After saving the MX record, return to Google Admin and continue the Gmail activation flow. If Google Admin does not recognize the record immediately, that is not automatically a failure. DNS changes can take time to be recognized globally.
Test Gmail delivery
Do not rely on the Admin Console status alone. Run operational tests that match the way the business actually receives mail.
Send from outside Google
Test from an Outlook, Yahoo, Apple Mail, or another external provider. A Gmail-to-Gmail test can hide routing issues.
Test public-facing addresses
Send to hello@, sales@, support@, and any old address the business still advertises.
Confirm group delivery rules
If a Google Group receives customer email, confirm external posting permissions and membership before go-live.
Read failures carefully
A bounce message can reveal wrong MX records, missing mailboxes, blocked external posting, or old routing.
Use a simple test matrix:
| Test | Expected result | Evidence to keep |
|---|---|---|
| External sender to primary user | Message arrives in Gmail inbox | Timestamp and sender address |
| External sender to alias | Message arrives in the mapped user inbox | Alias and destination |
| External sender to group | Members receive or can handle the message | Group address and member result |
| User sends outward | Recipient receives the message | Sender, recipient, timestamp |
| Website form sends email | Business receives form notification | Form page and destination |
| Invoice or CRM sends email | Customer receives legitimate mail | Third-party sender name |
Troubleshoot Gmail MX records
Most MX problems fall into a few categories:
Wrong DNS host
The record was added at the registrar, but the domain uses external nameservers. Check the authoritative nameservers first.

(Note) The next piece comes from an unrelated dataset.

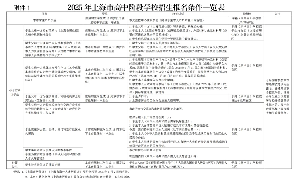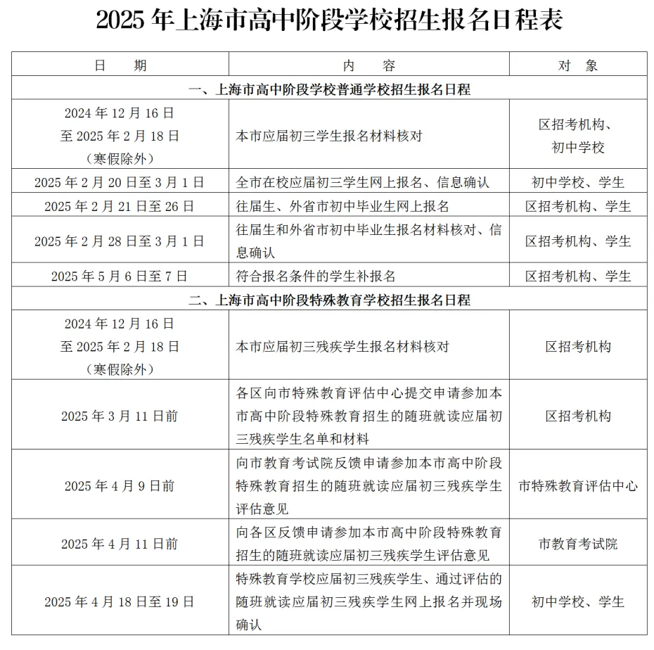 近日,上海市教委公布了《关于做好2025年本市高中阶段学校招生报名工作的通知》,具体内容一起来看↓

Old MX records still active
Old cPanel, Zoho, or Microsoft records can continue receiving mail if they remain in the live DNS zone with usable priority.
Wrong host field
Some DNS panels require @, some require blank, and some require the full domain. A record on www will not route root-domain email.
Mailbox not created
MX can be correct while delivery still fails because the destination user, alias, or group does not exist.
DNS delay
Google notes that MX changes can take up to 72 hours to be recognized. Keep monitoring instead of making repeated random edits.
Group posting blocked
A support or sales group may reject external senders if posting permissions are too restrictive.
When troubleshooting, change one thing at a time. If you edit MX records, SPF, DKIM, DMARC, forwarding, and group permissions all at once, you will not know which change fixed or broke mail flow.
Handover notes
A Gmail MX setup is not complete until the owner can see what changed.

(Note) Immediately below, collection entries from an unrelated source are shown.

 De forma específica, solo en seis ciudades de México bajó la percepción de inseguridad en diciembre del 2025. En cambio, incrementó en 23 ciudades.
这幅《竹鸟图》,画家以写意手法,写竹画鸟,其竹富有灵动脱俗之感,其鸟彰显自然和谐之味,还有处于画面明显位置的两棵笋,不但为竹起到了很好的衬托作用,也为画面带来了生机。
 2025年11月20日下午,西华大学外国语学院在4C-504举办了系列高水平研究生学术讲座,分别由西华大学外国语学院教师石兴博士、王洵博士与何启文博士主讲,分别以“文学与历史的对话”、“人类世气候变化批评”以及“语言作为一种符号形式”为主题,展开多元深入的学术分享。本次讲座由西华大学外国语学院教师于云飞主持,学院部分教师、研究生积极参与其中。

MX handover should include
- Domain name and active DNS host.
- Previous mail provider and old MX records.
- New Gmail MX record.
- Date and time of DNS change.
- Person who approved the cutover.
- Users, aliases, and groups tested.
- External test evidence.
- Known items still under monitoring.
- Link to the full Google Workspace setup runbook.
If you want the complete setup path, use this with the broader guide: Google Workspace setup for small businesses.
FAQ
Do I need five Google MX records or one MX record?
Google's current Google Workspace setup uses the single smtp.google.com MX value. Older Workspace setups may still show legacy ASPMX style records, but for new work you should follow the current Admin Console and Google help instructions.
Can I change MX records before creating users?
It is safer to create users, aliases, and groups first. If mail starts routing to Google before the destination exists, senders can receive bounces.
Why can I send email but not receive email?
Sending can work before inbound MX is correct. Receiving depends on live MX records, mailbox existence, and group or alias routing.
Should SPF, DKIM, and DMARC be done with MX?
They are related but separate. MX routes inbound mail. SPF, DKIM, and DMARC help receiving systems authenticate outbound mail from your domain.
How long should I monitor after changing MX records?
Monitor at least through the DNS recognition window, and longer if the business has critical leads, invoices, support requests, or form notifications.